A Platts analyst said these numbers are a shocker as no sign of a decline in demand was visible. “In the fourth quarter, the world traditionally draws inventories, and the rate of inventory decline is going to be accelerated by this unexpected decline from OPEC. This output decline is not coming as a result of any sign of a decline in demand, so it’s fair to say that Platts’ survey estimates this month is one of the most bullish we’ve reported in a long time,” said John Kingston, a Platts global director of news.
Angola, Nigeria, Saudi Arabia, the United Arab Emirates (UAE) and Venezuela saw output decreases totaling 90,000 b/d. This volume was partially offset by a 10,000 b/d increase from Libya, the survey showed.

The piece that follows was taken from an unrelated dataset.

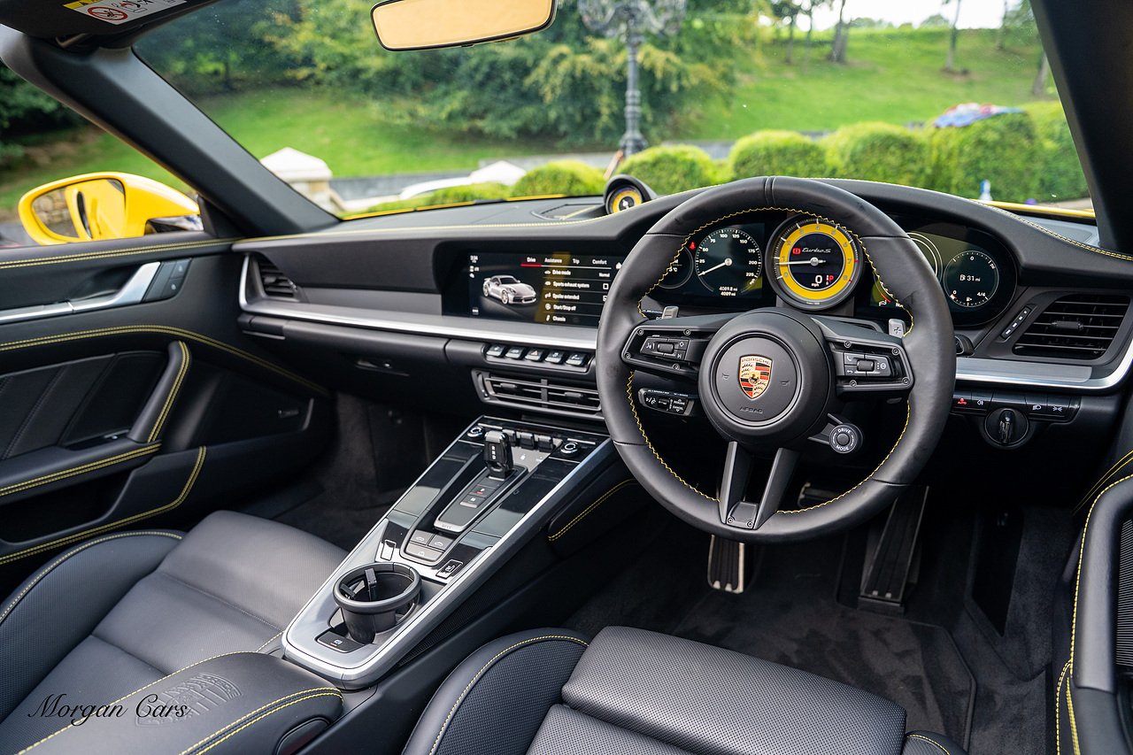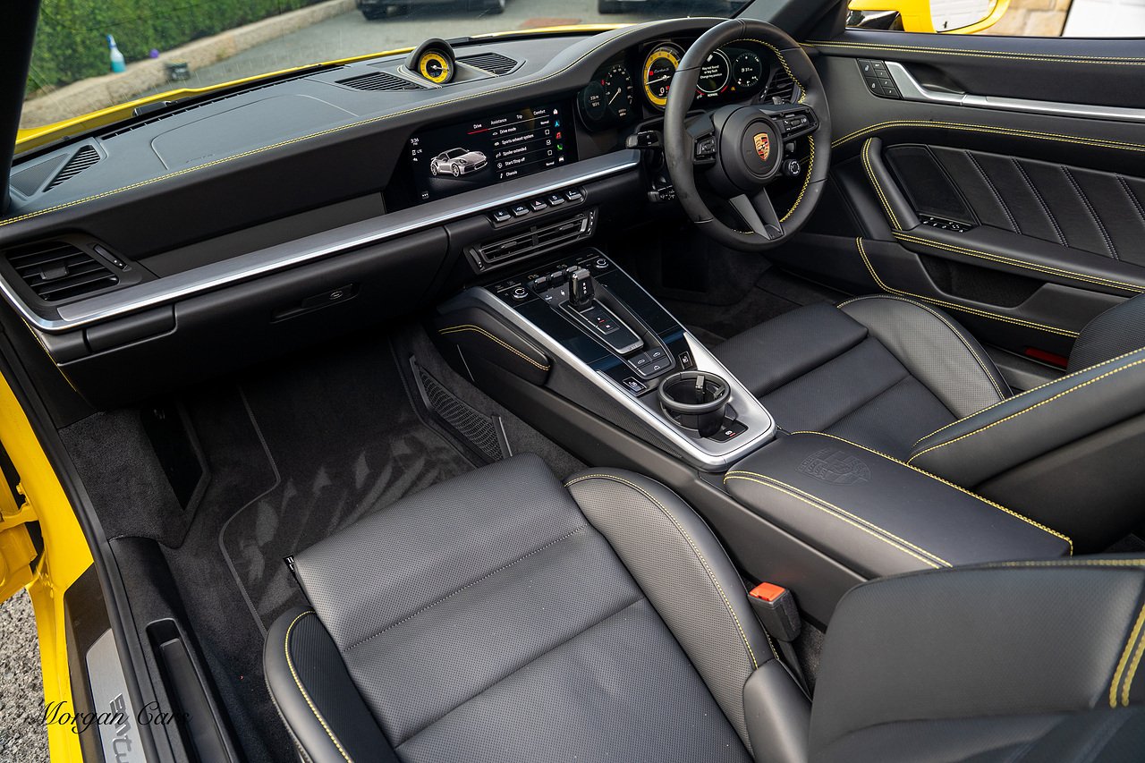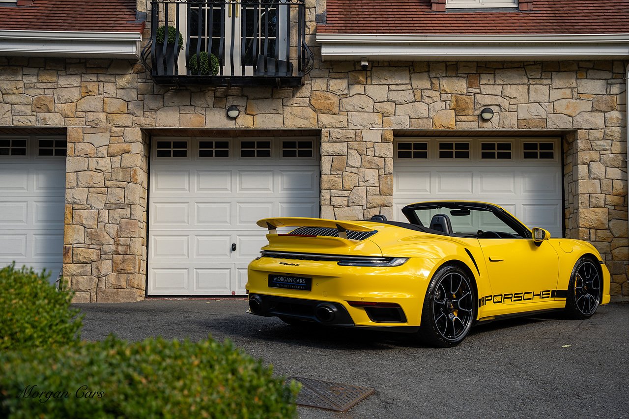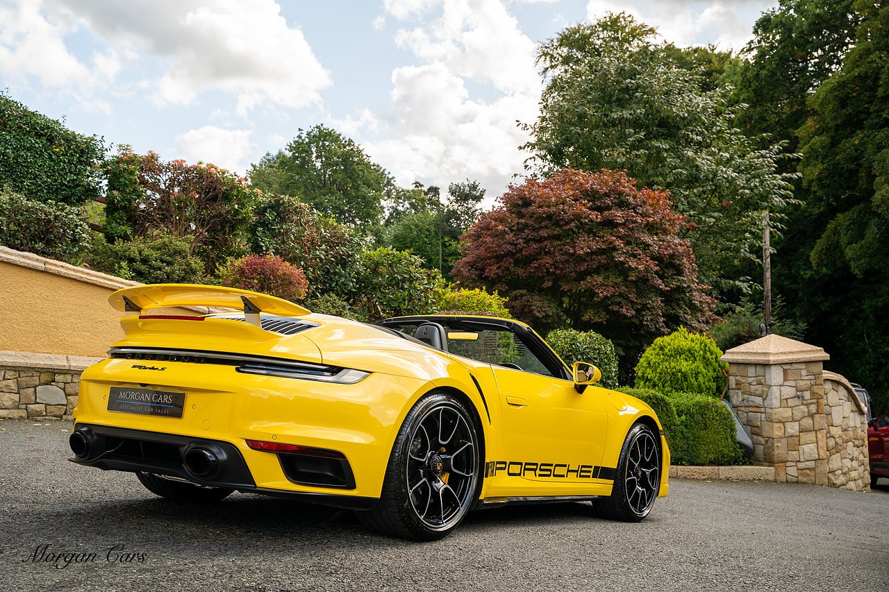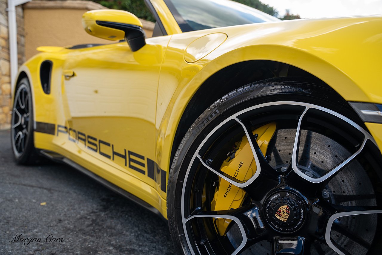 Morgan Cars are proud to present this Huge Spec Porsche 992 Turbo S finished in Racing Yellow with full Black smooth finish leather interior, Specification is Fantastic on this Turbo S and includes LED Matrix headlights in Black with Porsche Dynamic light system plus, Front Axle Lifting System, 18 Way adaptive Memory front sports seats, Bose Sound System, Akrapovic Titanium Sports Exhaust system, Front end Paint Protection Film , 20/21" Porsche exclusive design alloy wheels, Interior package in contrasting Racing yellow stitching, Adaptive Cruise Control, Porsche Motorsport Side Decals and Porsche Bonnet Stripe in Gloss Black, Surround View Camera system, Lane change assist, Heated GT Sports steering wheel, Power steering plus, Model designation on rear in gloss black, Exclusive Design Tail lights, Ambient interior lighting, Chrono dial in Racing yellow, Central Tachometer in Racing Yellow, Rear Axle steering, Porsche Dynamic chassis control Sport, Interior trim inlays in Aluminium.

According to Platts estimate the compliance of production quotas by OPEC members was 55.8 percent in November.
The survey found that excluding Iraq, which does not participate in the production pacts, the 11 members bound by quotas (OPEC-11) pumped an average 26.7 million bpd in November, 80,000 bpd below October levels but 1.855 million bpd above their 24.845 million bpd target.
U.S. crude futures rose on Monday to their highest close in more than two years, boosted by the cold weather in the U.S. northeast and Fed Chairman Ben Bernanke's comment that a third edition of quantitative easing was possible. Crude for January delivery rose to $89.38 a barrel on the New York Mercantile Exchange on Monday.
OPEC does not have an official price target but Saudi Arabia, which is the de facto authority in OPEC pricing, has said it is comfortable with a range of $70-$80 per barrel of crude.